— Вот ты сказал: корни! — произнес Арташес, не просто было ему сказать «корни». — Но белые ковры — это тоже... корни! — Ну, разумеется, Арташес говорил о том, что для Виты, для Янтры, для Искыра, для Цибрицы, для всей болгарской земли, для ее древних и новых ремесел, для ее искусства — именно, корни. Но дяде Хачересу еще надо было это понять — он думал о своем.
— Что ти сказал?
— Корни, — повторил Арташес убежденно.
Хачерес засмеялся.
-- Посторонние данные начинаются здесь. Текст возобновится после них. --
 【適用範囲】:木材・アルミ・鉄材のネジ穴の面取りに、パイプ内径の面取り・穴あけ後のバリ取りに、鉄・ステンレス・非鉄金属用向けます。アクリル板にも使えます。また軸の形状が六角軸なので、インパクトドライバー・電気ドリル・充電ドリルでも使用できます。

Да, взял и засмеялся, хотя до смеха ли было ему сейчас?
— Верно, корни, но мои... — спокойно заметил старший Авакян. — Мои! Теперь понял? — Не легко было ему произнести это по-русски, но он произнес, от гостей не должно быть секрета. Он умолк, точно дожидаясь, чтобы эта мысль о корнях была усвоена сыном. Ну, разумеется, он хотел сказать, что его труд художника-ковровщика неотделим от этих белых ковров.
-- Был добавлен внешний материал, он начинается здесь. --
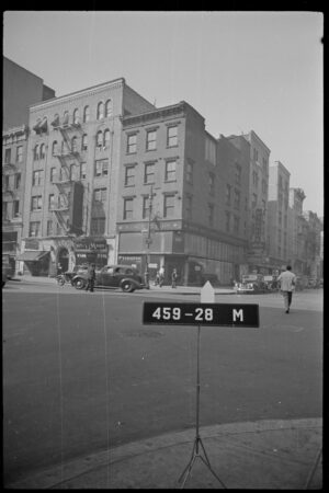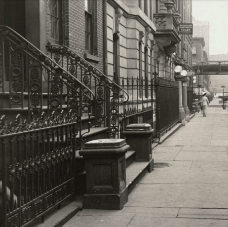 Southeast corner of Sixth Avenue and West 11th Street (now demolished), showing the Shearith Israel Cemetery on the left and 452 Sixth Avenue behind. The Sixth Avenue El is visible on the right, 1898. The six-story building behind the El has been demolished and replaced with today’s P.S. 41.

Арташес молчал, нет, не потому, что отец обратил этот его довод о корнях против него. Не поэтому. Просто Арташесу надо было еще раз собраться с мыслями: а может, отец прав?
— Нет, нет!.. — едва ли не воскликнул Арташес. Это «нет» было адресовано не только отцу, но и ему, Арташесу, его сомнениям. Сказав «нет», он отметал эти сомнения. — Вот... папик!..
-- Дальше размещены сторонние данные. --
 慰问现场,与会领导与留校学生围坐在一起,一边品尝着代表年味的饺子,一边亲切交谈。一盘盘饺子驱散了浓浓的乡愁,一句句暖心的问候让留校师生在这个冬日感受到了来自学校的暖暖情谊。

Отец оторопел: он все ожидал, но только не этого.
— Что? Папик? Зачем папик? — вымолвил Хачерес едва слышно, вот она мысль о третейском судье! Да, сын хотел, чтобы спор и на этот раз решил дед. Сын так и сказал: «Папик!..» Он всего лишь сказал «папик!», но это означало: «Пусть решит спор папик! Его опыт, его мудрость, его доброта». Дядюшка Хачерес точно взывал к Тадьяну: «Папик? Зачем папик?» Он явно не хотел вовлекать в спор папик, но поможет здесь дядюшке Хачересу? Тадьян, только Тадьян. Дядюшка Хачерес очень надеялся на добрую волю подполковника.
— Ти сказал: папик? — спросил наш хозяин, обратившись к сыну, и замер: суть того, что происходило сейчас, была в этом вопросе. — Ти будешь говорит с папик?
— Нет, папа, — произнес Арташес; как казалось, произнес убежденно, но вот что было непонятно: когда возникло это «нет» у молодого человека? Да, когда оно возникло, прежде или сейчас?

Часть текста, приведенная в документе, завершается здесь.